* _TASK GOAL_
Would you transcribe exactly the lines from the one containing "Outside the castle" to the last line of the data below, both ends included, but none of the pictures?

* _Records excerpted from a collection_
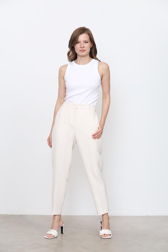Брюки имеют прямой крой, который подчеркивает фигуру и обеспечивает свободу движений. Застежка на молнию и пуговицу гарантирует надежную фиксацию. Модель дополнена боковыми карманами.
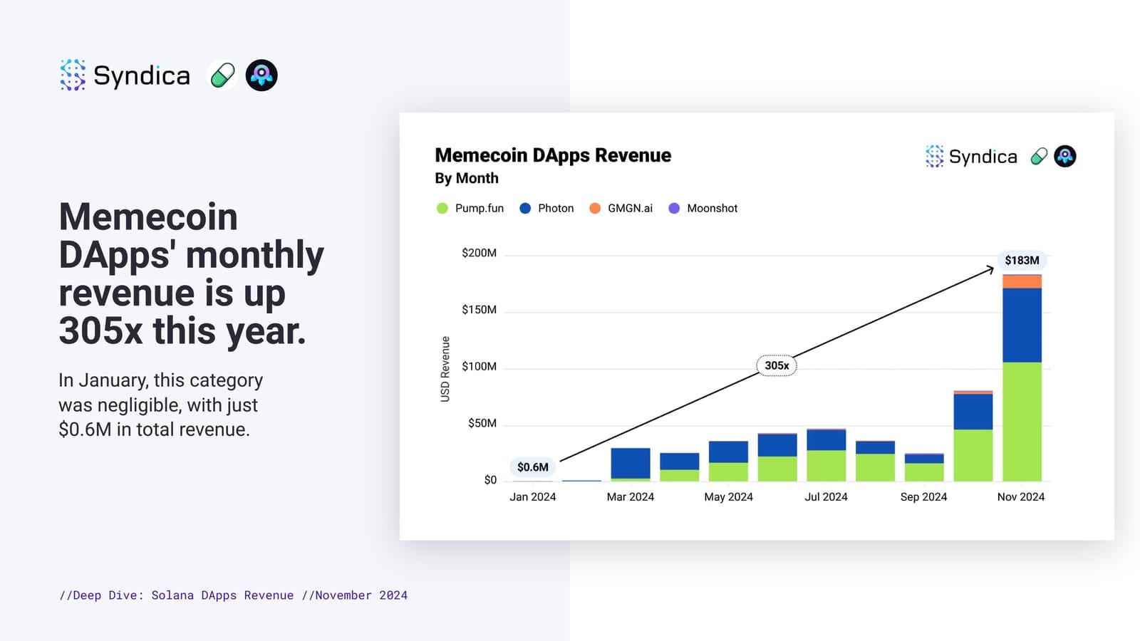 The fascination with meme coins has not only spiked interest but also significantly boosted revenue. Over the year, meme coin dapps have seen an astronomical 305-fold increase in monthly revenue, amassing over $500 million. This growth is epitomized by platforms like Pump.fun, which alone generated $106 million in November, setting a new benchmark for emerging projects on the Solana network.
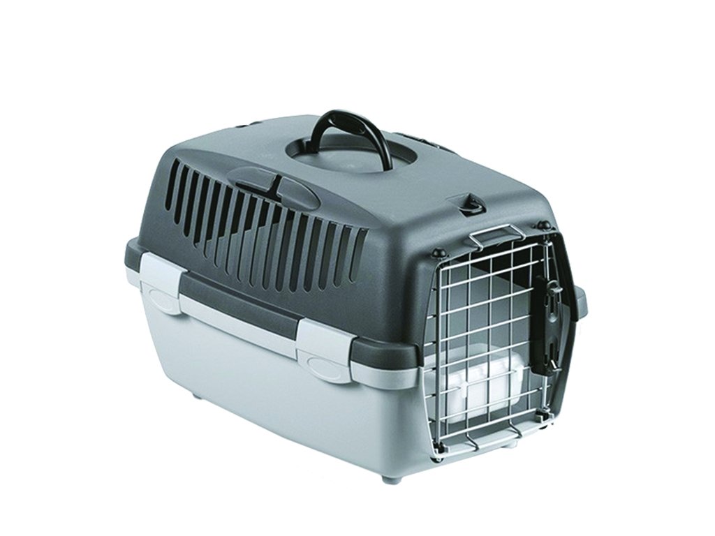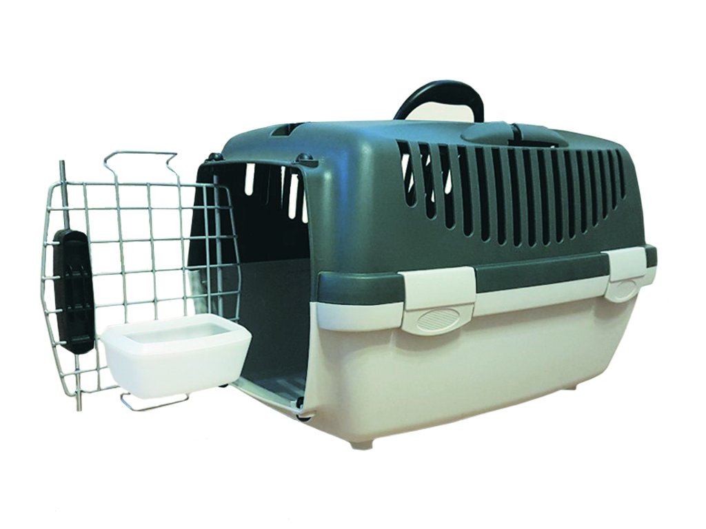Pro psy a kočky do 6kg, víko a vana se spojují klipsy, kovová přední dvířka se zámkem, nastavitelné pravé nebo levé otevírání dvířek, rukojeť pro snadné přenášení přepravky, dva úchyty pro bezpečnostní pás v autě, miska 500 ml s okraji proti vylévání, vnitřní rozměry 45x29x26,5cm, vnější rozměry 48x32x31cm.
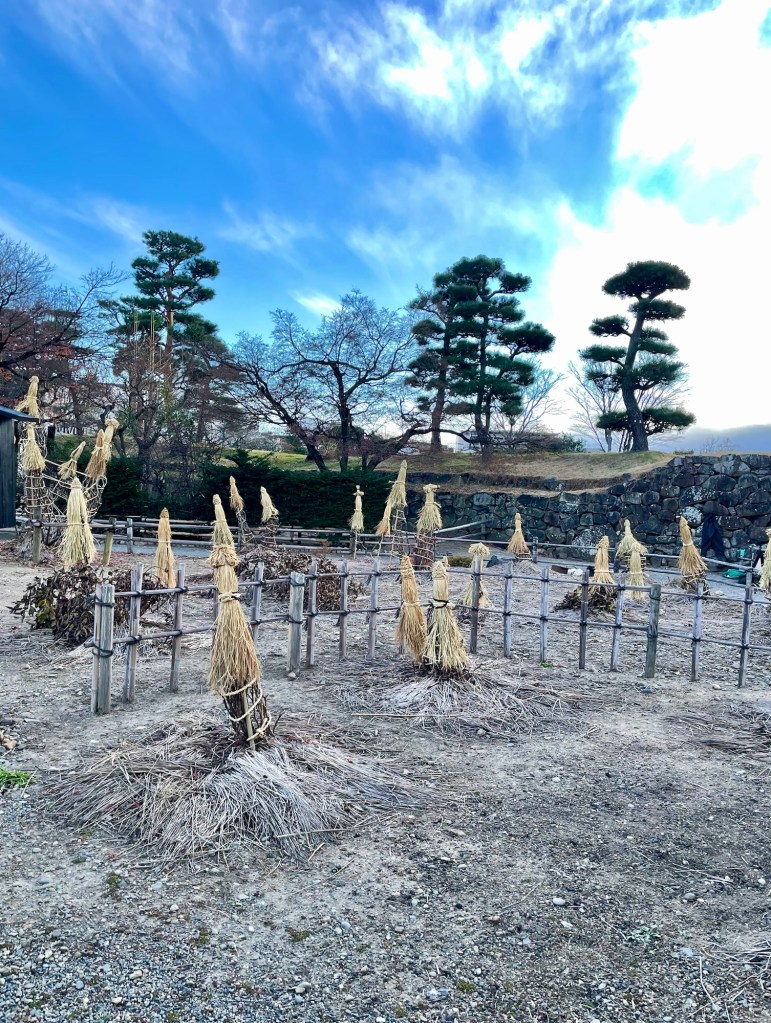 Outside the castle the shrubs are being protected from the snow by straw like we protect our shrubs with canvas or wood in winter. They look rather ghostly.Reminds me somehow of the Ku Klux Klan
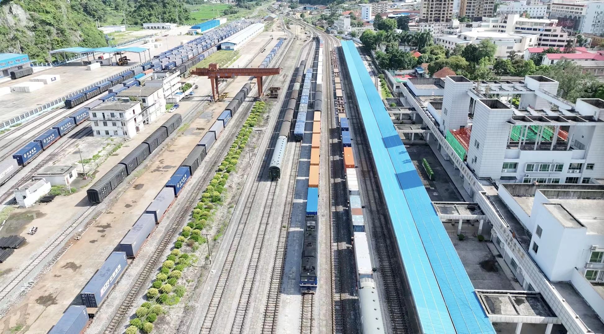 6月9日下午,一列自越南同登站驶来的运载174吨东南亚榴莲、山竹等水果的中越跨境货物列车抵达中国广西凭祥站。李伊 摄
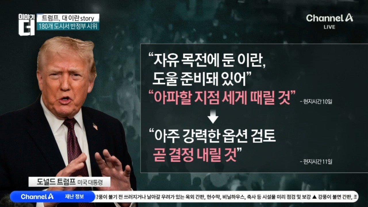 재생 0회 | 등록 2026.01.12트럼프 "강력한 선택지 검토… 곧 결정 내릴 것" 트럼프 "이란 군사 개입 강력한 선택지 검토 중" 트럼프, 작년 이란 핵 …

* _RESPONSE BELOW_
 Outside the castle the shrubs are being protected from the snow by straw like we protect our shrubs with canvas or wood in winter. They look rather ghostly.Reminds me somehow of the Ku Klux Klan
 6月9日下午,一列自越南同登站驶来的运载174吨东南亚榴莲、山竹等水果的中越跨境货物列车抵达中国广西凭祥站。李伊 摄
 재생 0회 | 등록 2026.01.12트럼프 "강력한 선택지 검토… 곧 결정 내릴 것" 트럼프 "이란 군사 개입 강력한 선택지 검토 중" 트럼프, 작년 이란 핵 …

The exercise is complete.